Many of the invoke-training training methods require datasets consisting of image-caption pairs. This document explains the supported dataset formats, and how they can be prepared.

invoke-training uses Hugging Face Datasets to handle datasets. Image caption datasets can either be downloaded from the Hugging Face Hub, or loaded from a directory using the ImageFolder format. More details are included in the following sections.

Hugging Face Hub Datasets

The easiest way to get started with invoke-training is to use a publicly available dataset on Hugging Face Hub. You can filter for the Text-to-Image task to find relevant datasets that contain both an image column and a caption column. lambdalabs/pokemon-blip-captions is a popular choice if you're not sure where to start.

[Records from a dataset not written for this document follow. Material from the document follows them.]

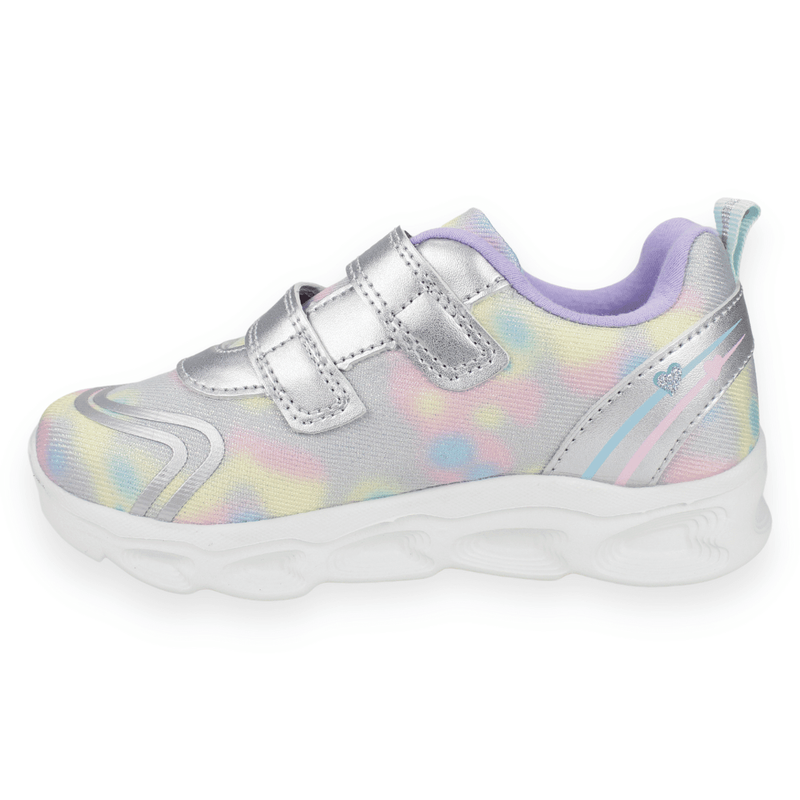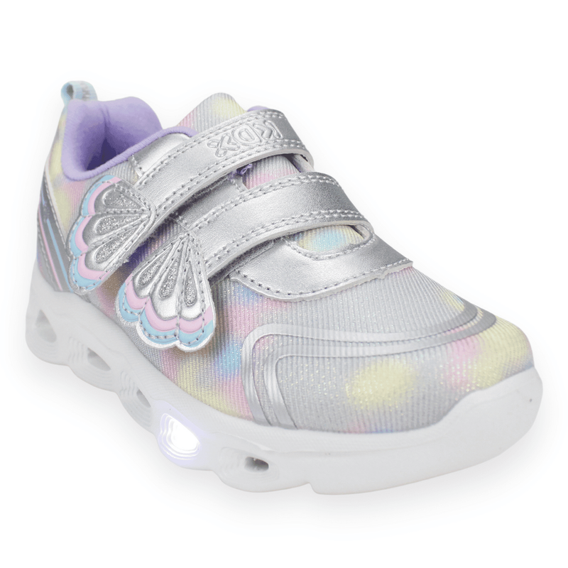 Zapatilla Niña KDX color plateado. Estilo urbano. Capellada con detalles en color tornasol con sistema de luces que se encienden al caminar pasando desde el rosado al blanco y al azul. Ajuste mediante velcro con detalle de alas de mariposa. Planta de 3 cm de altura y caña media de 5 cm de alto. Material capellada: Poliuretano. Material forro: Poliuretano. Material planta: Goma. Tabla de medidas: 24 mide 15 cm, 25 mide 15,5 cm, 26 mide 16 cm, 27 mide 16,5 cm, 28 mide 17 cm, 29 mide 17,5 cm.
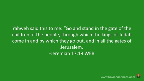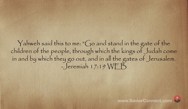 Yahweh said this to me: “Go and stand in the gate of the children of the people, through which the kings of Judah come in and by which they go out, and in all the gates of Jerusalem. -Jeremiah 17:19 WEB
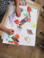 チラシのどこの部分を切り取るのか、どんな形に切り取るのか、一生懸命考えていました。
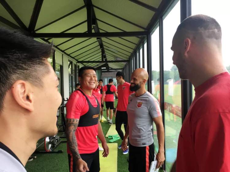 阿瑙托维奇兴致勃勃地参观了训练基地,并对基地的软、硬件设施竖起了大拇指。他还和主帅佩雷拉为首的上港队教练组,以及队友们和工作人员见面,并进行了简单的交流。在与队友们的交谈中,阿瑙托维奇频频放声大笑,显得非常轻松。

Once you've selected a dataset from the Hugging Face Hub, you can use it in training by setting the following parameters in your training config:

  • dataset_name
  • image_column
  • caption_column

Here's a sample configuration:

dataset:
  dataset_name: lambdalabs/pokemon-blip-captions
  image_column: image
  caption_column: text

# ...

See data_config.py for full documentation of the ImageCaptionDataLoaderConfig.

ImageFolder Datasets

If you want to create custom datasets, then you will most likely want to use the ImageFolder dataset format.

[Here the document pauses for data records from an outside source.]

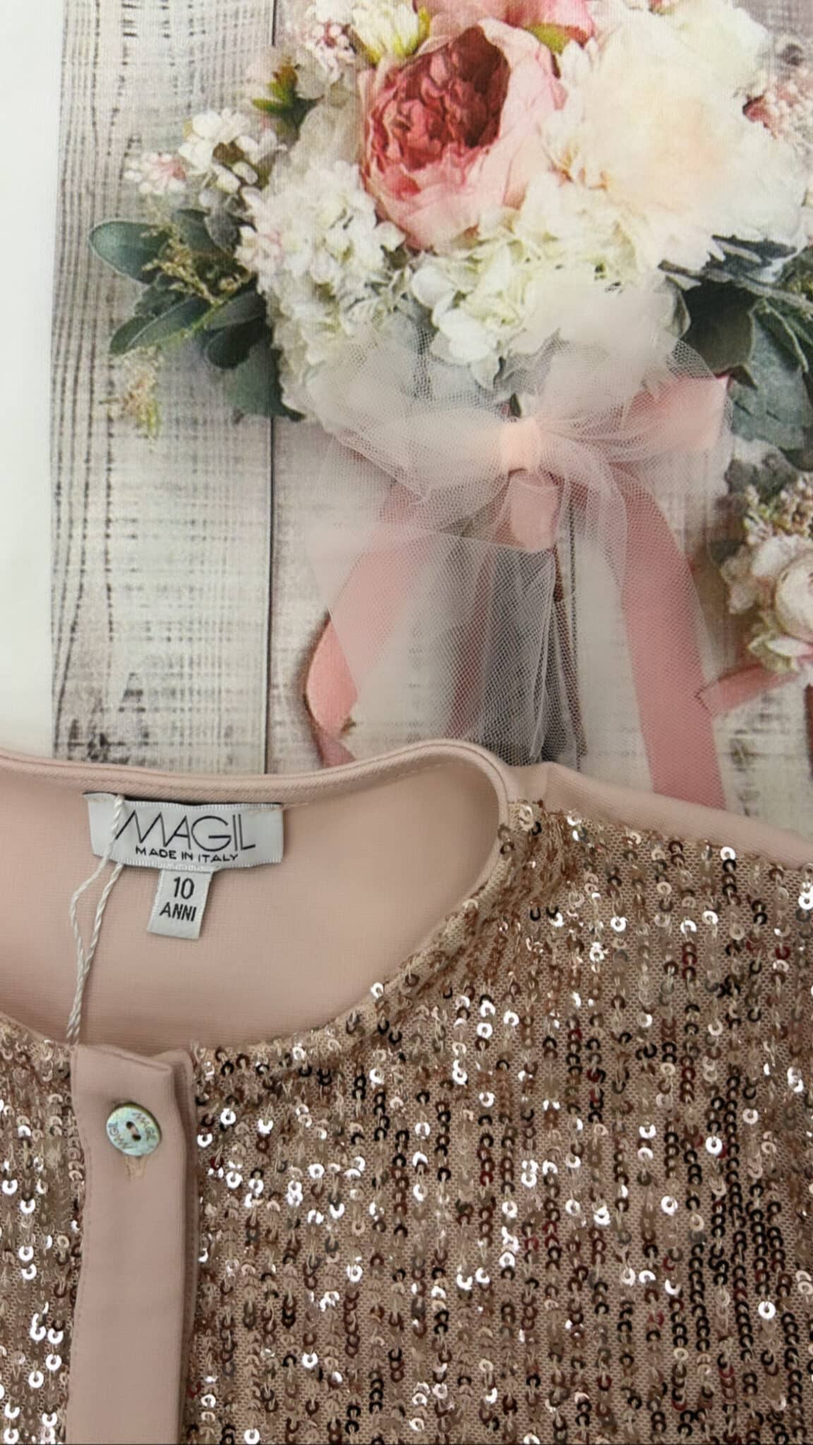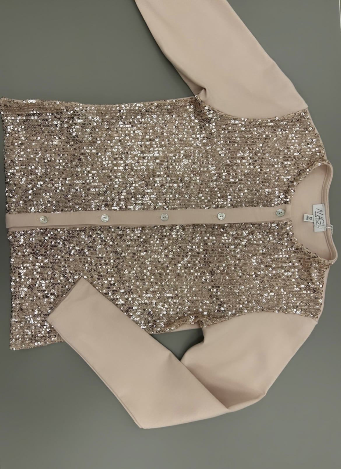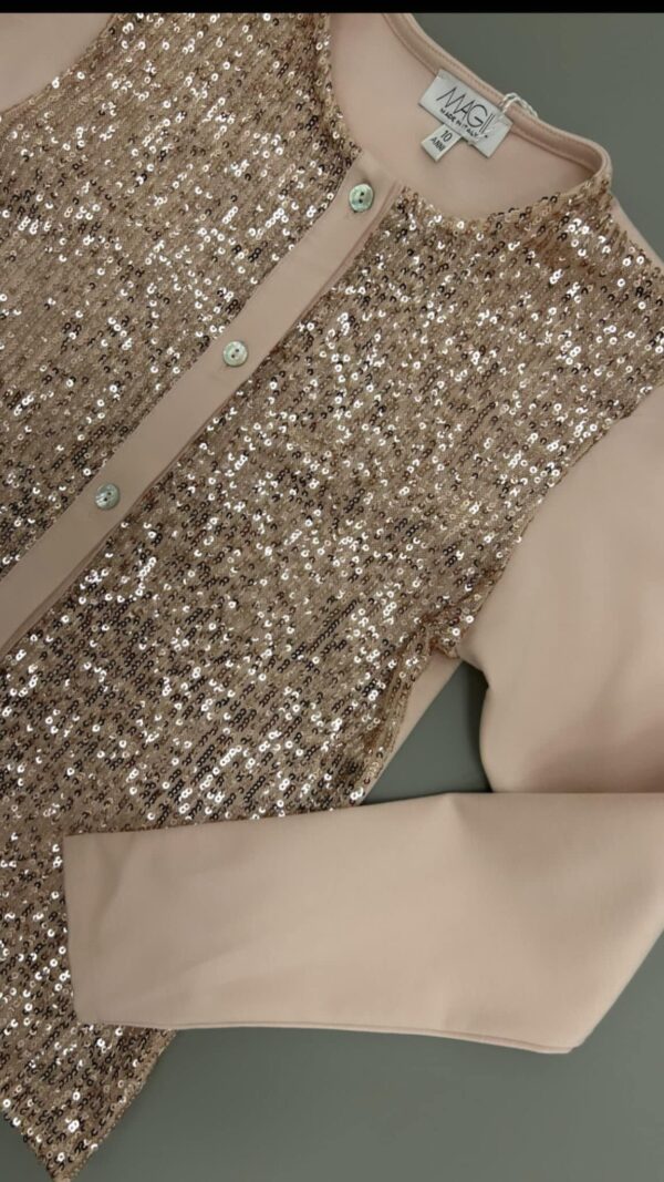 Cardigan punto milano elasticizzato con davanti in pailettes
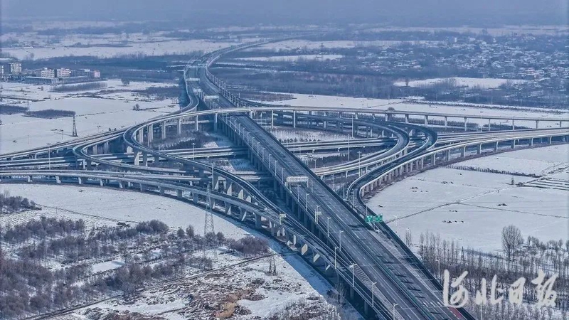 2023年12月28日拍摄的京雄高速雄安段(无人机照片)。当日,京雄高速公路北京五环至六环段顺利贯通。至此,京雄高速全线通车运营。(资料片)新华社发(刘潇 摄)
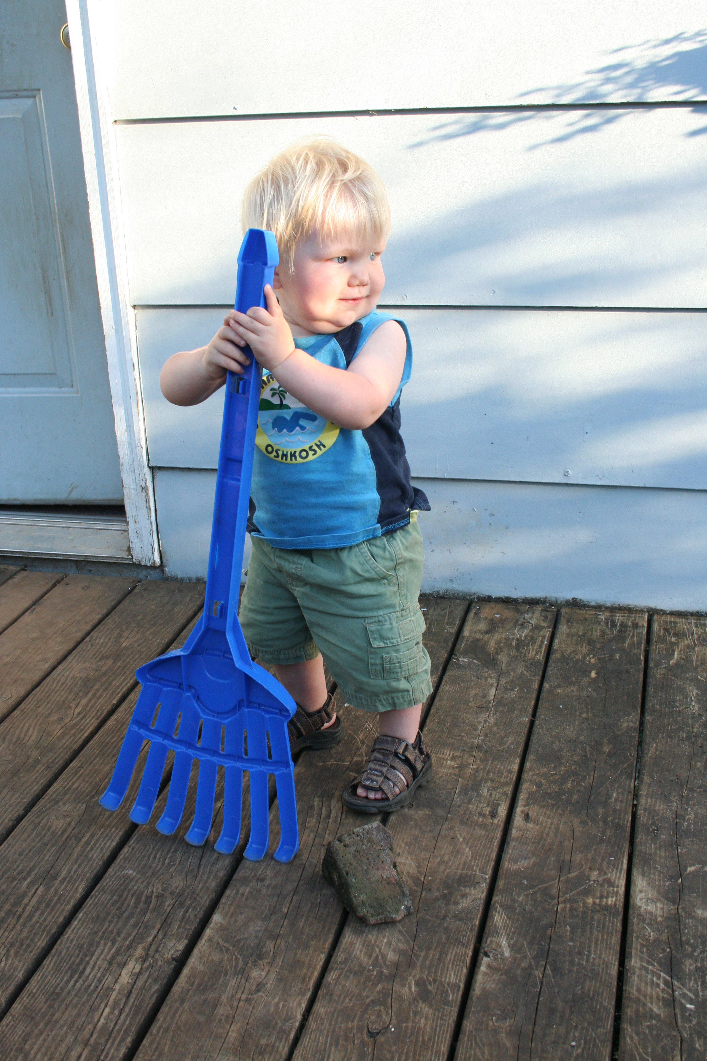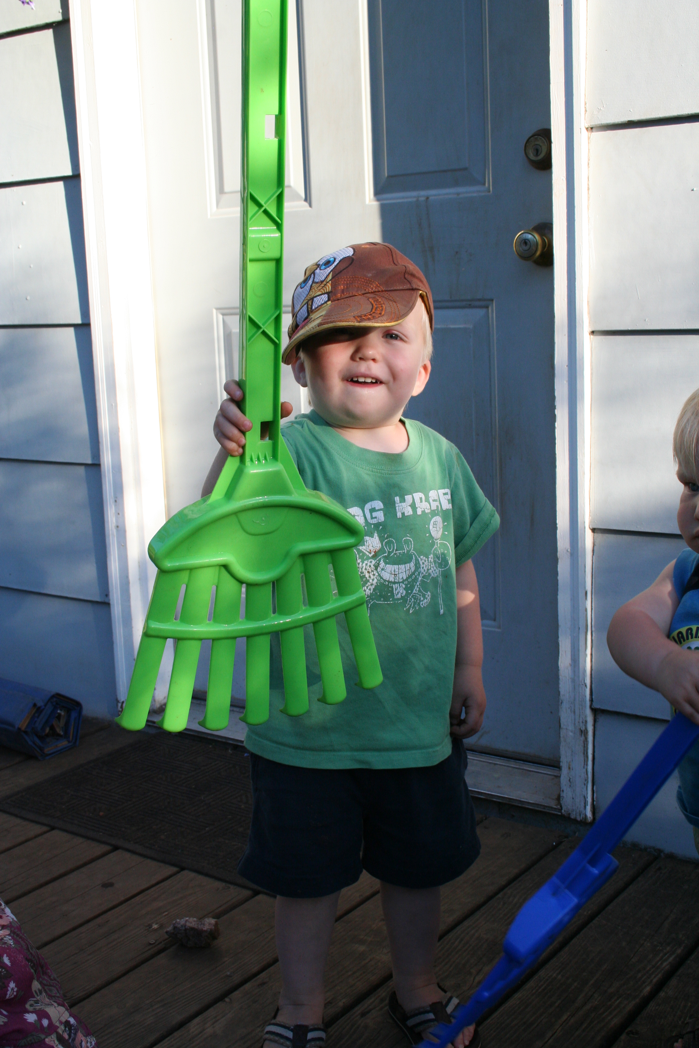 We took a walk around the yard. Grandma cleaned up most of the dog poo but we stepped carefully anyway. We found: a horse, a crocodile, a goose, a frog, some mushrooms, an owl and some butterflies. And apples and green tomatoes.

An ImageFolder dataset should have the following directory structure:

my_custom_dataset/
├── metadata.jsonl
└── train/
    ├── 0001.png
    ├── 0002.png
    ├── 0003.png
    └── ...

The contents of metadata.jsonl should be:

{"file_name": "train/0001.png", "text": "This is a caption describing image 0001."}
{"file_name": "train/0002.png", "text": "This is a caption describing image 0002."}
{"file_name": "train/0003.png", "text": "This is a caption describing image 0003."}

To use a custom ImageFolder dataset, set the following parameters in your training config:

  • dataset_dir
  • caption_column

Here's a sample configuration:

dataset:
  dataset_dir: /data/my_custom_dataset
  caption_column: text

# ...

See data_config.py for full documentation of the ImageCaptionDataLoaderConfig.